New Book Choices

You may not have seen so much as a single leaf turn, but fall is here in the cookbook world.   And what a fall it is shaping up to be!  There will be hundreds and hundreds of titles, as usual, but even a small selection will capture the breadth, depth, and grandiosity of what's coming out in the next few months.  Famous chefs cook at home, veteran cook authors take on big subjects and--ahem--yours truly has a first book, too.

Late September

The Apple Lover's Cookbook, by Amy Traverso An all-round guide to the First Fruit, with recipes from sweet to savory and all points in between.



 


 

Odd Bits, by Jennifer McLagan -  Having given us Bones and Fat, contrarian McLagan moves on to territory at one remoter and more hip.


 



 

Ruhlman's Twenty   - The Ratio guy turns his analytic eye to twenty essential kitchen techniques and ingredients.



 


 

The Professional Chef - For the student and the wanna-be, a glossy doorstop from Hyde Park.  1232 pages and definitely the hardcore way to go over your basics.

October

One Sweet Cookie, by Tracey Zabar - Favorite cookies from famous chefs--need I say more?
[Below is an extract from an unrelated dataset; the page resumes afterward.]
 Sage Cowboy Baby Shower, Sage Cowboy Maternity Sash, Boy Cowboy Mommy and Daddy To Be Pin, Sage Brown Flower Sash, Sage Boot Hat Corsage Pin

Essential Pepin, by Jacques Pépin - A-to-Z Jacques, from his début to the present.

Cook This Now, by Melissa Clark - Must-have weeknight recipes from the popular Times columnist

The Family Meal, by Ferran Adrià - That's "family" as in "staff meal" not what Adrià eats at home.  Can't wait to see what you can do with leftovers out of the sous-vide machine and the autoclave.
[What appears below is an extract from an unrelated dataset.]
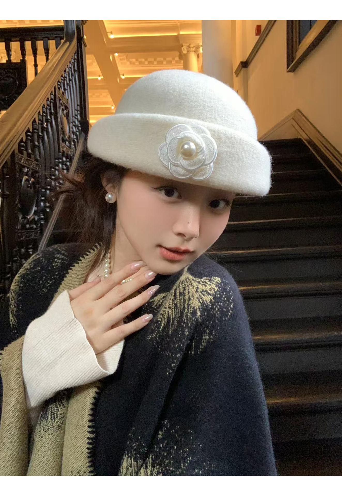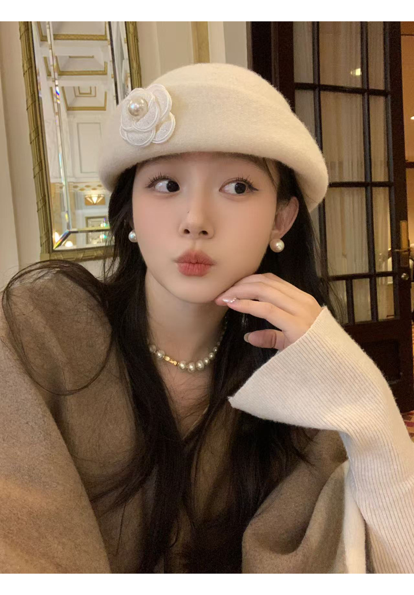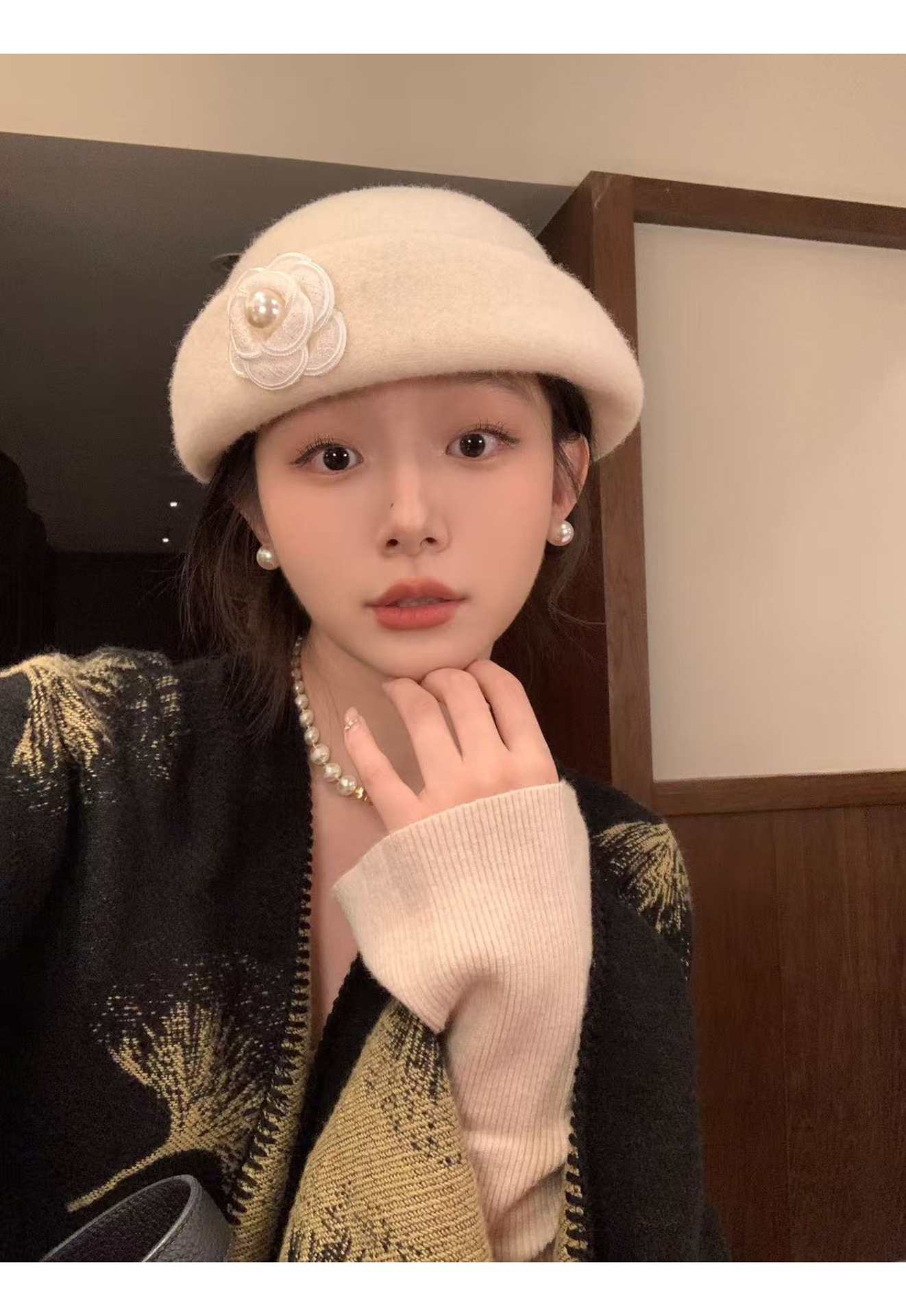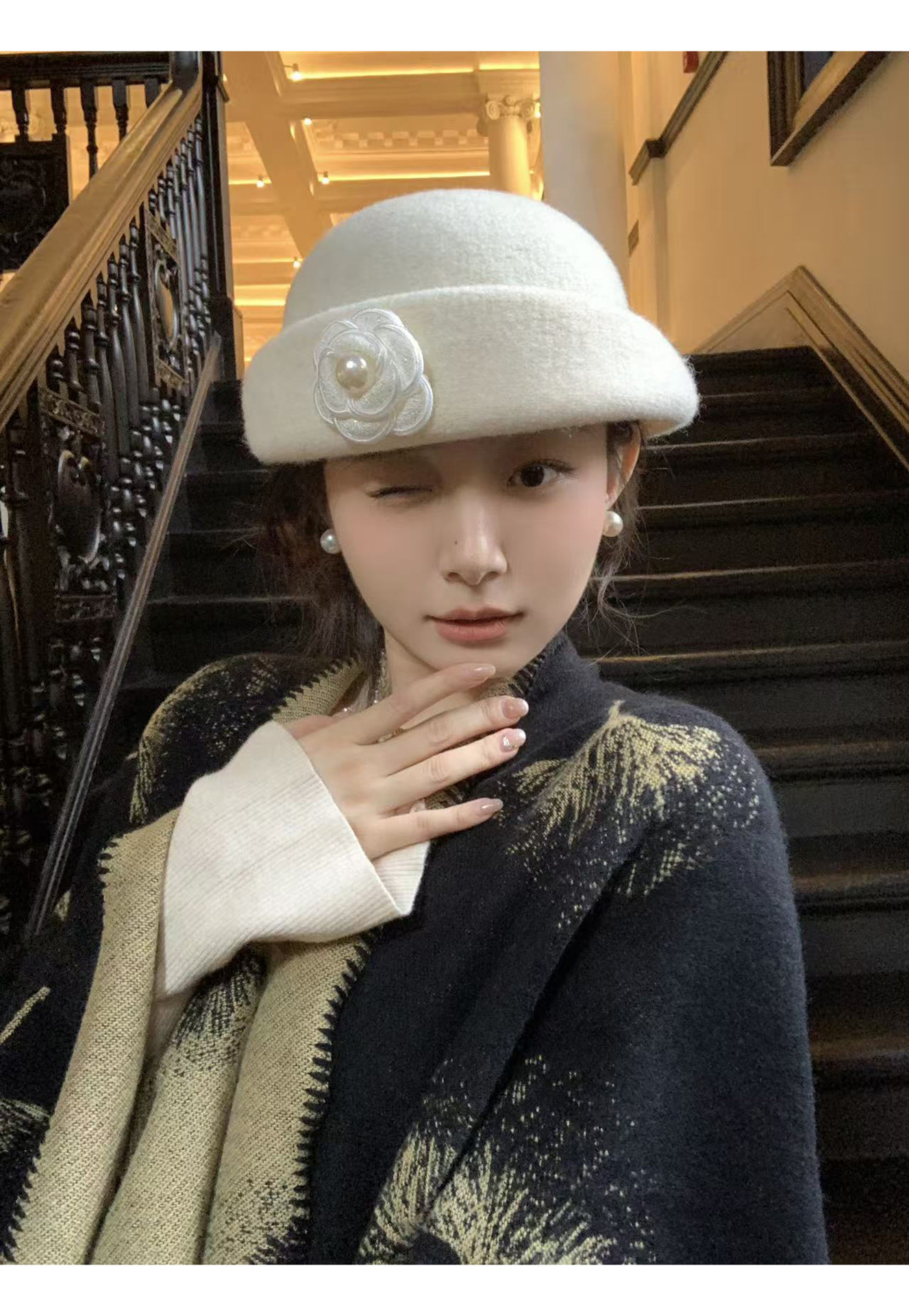 Sombrero de lana blanca francesa, mujer, otoño y invierno, estilo Hepburn, elegante sombrero de perlas, boina de mujer, cara pequeña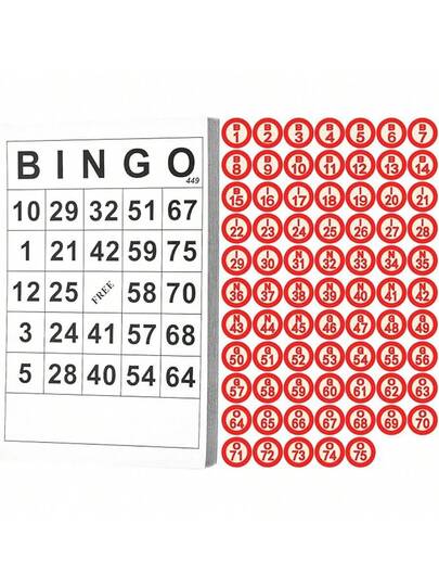 宾果棋盘游戏套装包括经典的 40 张宾果数字卡和 75 副棋子,适合家庭、大型聚会、成人节日活动 - 彩色 - 查看 1

Food of Morocco, by Paula Wolfert - Big and definitive reckoning from the "queen of Mediterranean cooking".

Cook's Illustrated Cookbook, - Hardly the first book from America's Test Kitchen, but still looking like a definitive statement.
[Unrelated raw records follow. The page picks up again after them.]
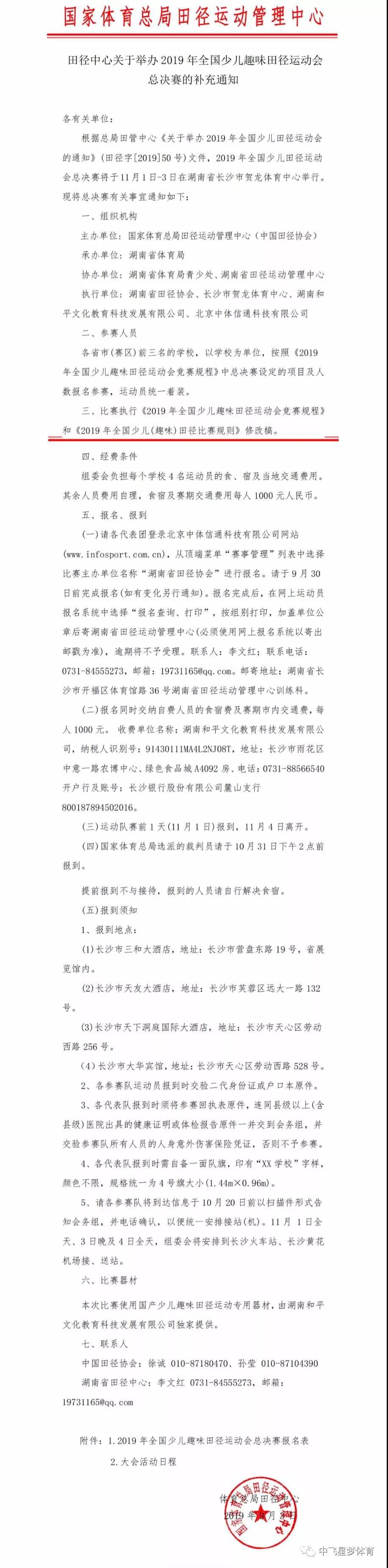 关于举办2019年全国少儿趣味田径运动会总决赛的补充通知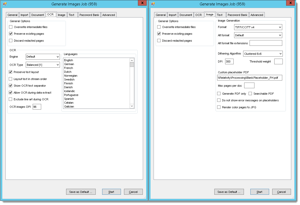 The RPC references the options set on the Document and OCR/Image tab to determine how the images are generated, and OCR runs. During OCR, the RPC converts the native files to intermediate PDFs, and the text is then extracted from these files. For intermediates derived from natives with text, the text layer of the created PDF is extracted. For intermediates derived from images the text is created by the OCR engine. Natives with both text and images will have both of these methods performed on the intermediate file.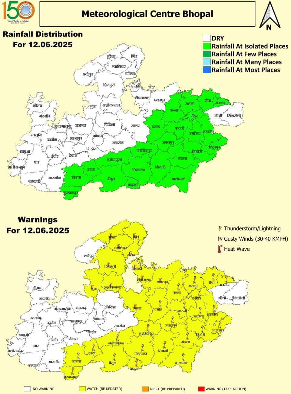 - 12 जून गुरूवार: ग्वालियर, भिंड, मुरैना, शिवपुरी, गुना,अशोकनगर, सागर, छतरपुर, टीकमगढ़ और निवाड़ी में हीटवेव। बुरहानपुर, खंडवा, हरदा, नर्मदापुरम, बैतूल, नरसिंहपुर, छिंदवाड़ा, पांढुर्णा, सिवनी, बालाघाट, मंडला, जबलपुर, डिंडौरी, अनूपपुर, शहडोल, उमरिया, कटनी, दमोह, पन्ना, सतना, रीवा, मैहर में आंधी-बारिश का अलर्ट ।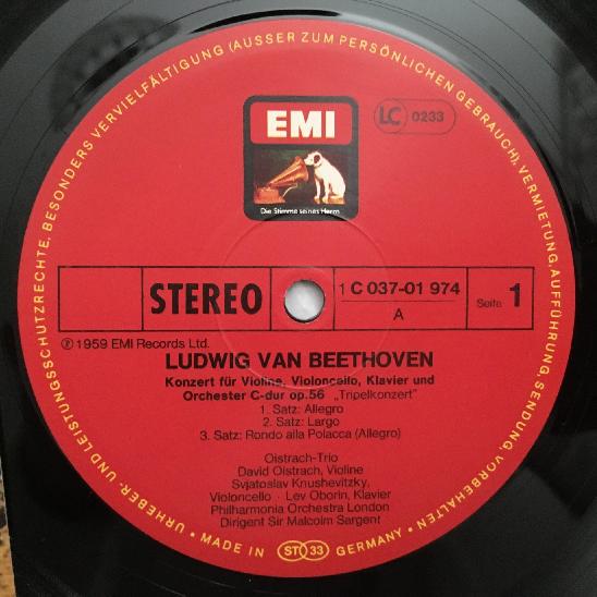 N601 Beethoven Brahms Concertos Oistrakh Trio Fournier Sargent EMI 1C 037-01 974

Food52 Cookbook, by Amanda Hesser and Merrill Stubbs - A first publication from the popular blog.

November

Home Cooking with Jean-Georges, by Jean-Georges Vongerichten - A peek at what a world-class fusion chef eats at home.  Do world-class chefs even eat at home?!

Art of French Baking, by Ginette Mathiot, edited by Clotilde Dusoulier - Claims the recipes are "authentic French pastry recipes" that are, nevertheless "simple and easy to make at home." We shall see!

A Spoonful of Promises, by T. Susan Chang - Not a cookbook, friends! so much as a book of personal food stories.  But I hope you'll have a look anyway.

Edible Brooklyn: The Cookbook - A first foray from  one of the hippest Edible Communities.

Rosie's Bakery No Apologies Butter, Cream and Sugar Baking Book, by Judy Rosenberg, - A revision or re-issue, I think, but still!  The name says it all.

All about Roasting, by Molly Stevens - A much-anticipated follow-up to All About Braising.   It's bound to be a keeper.

December

Not that many publishers have loaded up all their December release dates yet, but here are a couple of idiosyncratic selections that caught my eye:

A Miscellany of Garlic: From Paying Off Pyramids and Scaring Away Tigers to Inspiring Courage and Curing Hiccups, the Unusual Power Behind the World's Most Humble Herb by Trina Clickner. Yeah, I fell for the title too.  Well played, small independent publisher!

Saraban:  A Chef's journey through Persia, by Greg and Lucy Malouf - This is an Australian release, but I hope it gets bought in--say, by Chronicle, which did the Maloufs wonderful Turquoise.